A recently analyzed 1,900-year-old papyrus from the Roman Empire has shed new light on ancient tax systems—and tax evasion. The document, originally discovered in the Judean desert in the 1950s and now fully deciphered, outlines an elaborate tax evasion plot involving the sale and manumission of enslaved persons.
“It was an incredibly lucky rediscovery that brought this publication to light eventually,” said Anna Dolganov, a Roman historian and papyrologist at the Austrian Archaeological Institute, in an interview with CBC’s As It Happens. “It’s one of those documents that very few scholars get to work on in the whole of their career.”
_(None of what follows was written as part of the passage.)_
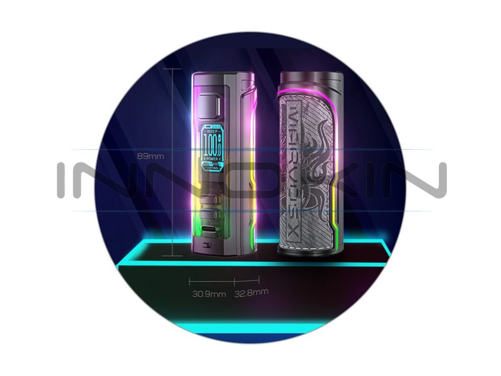 Lze používat standardní režim výkonu, nebo režim SMART pro automatické nastavení výkonu dle odporu atomizéru. K dispozici jsou pak také režimy křivky žhavení (VPC), nebo přímého výstupního napětí z baterie (Bypass). Mod disponuje také přehledným uživatelským rozhraním, na velkém displeji v přední části tak budete mít neustálý přehled o všech nastavených hodnotách. U displeje je navíc možné upravit také barvu podsvícení, na výběr máte hned pět barev. Mezi dalšími zajímavými prvky pak lze jmenovat také LED podsvícení celého modu, které lze upravit a nastavit v nespočtu různorodých variací a stylových animací. Ovládací panel v přední části modu ukrývá také praktický manuální zámek, který lze použít pro bezpečné uzamčení modu například při přenášení. Vrchní část modu je opatřena závitem typu 510, mod je kompatibilní se všemi typy atomizérů se stejným typem závitu, sami si tak můžete zvolit svůj oblíbený atomizér a využít tak funkce modu naplno. Freemax Marvos X Pro Mod je vynikající zařízení, které ocení jak pokročilí uživatelé, tak také začátečníci v oblasti gripů.

The scroll describes a case involving two men, Gadalias and Saulos—names that suggest Jewish heritage—who exploited the lack of communication between two Roman provincial administrations to hide the sale of slaves and dodge a slew of taxes. At least five types of taxes applied to slavery at the time, including a four percent tax on sales and five percent on manumission.
“What they seem to have done is weaponize the fact that the administrative systems of the two Roman provinces did not routinely communicate with each other,” Dolganov explained.
Intriguingly, one of the accused was the son of a notary, granting him access to tools needed to forge legal documents. Dolganov suggests that beyond financial gain, motives could include religious obligations or personal relationships with the slaves.
Roman punishments for tax evasion were severe, ranging from hard labor to death. “The Romans did not joke about tax evasions,” said Dolganov. “In the worst case, one could be made an example of and executed in an imaginative way—like being thrown to wild beasts in the amphitheatre.”
Ancient tax woes, it seems, are not so distant from today’s reality.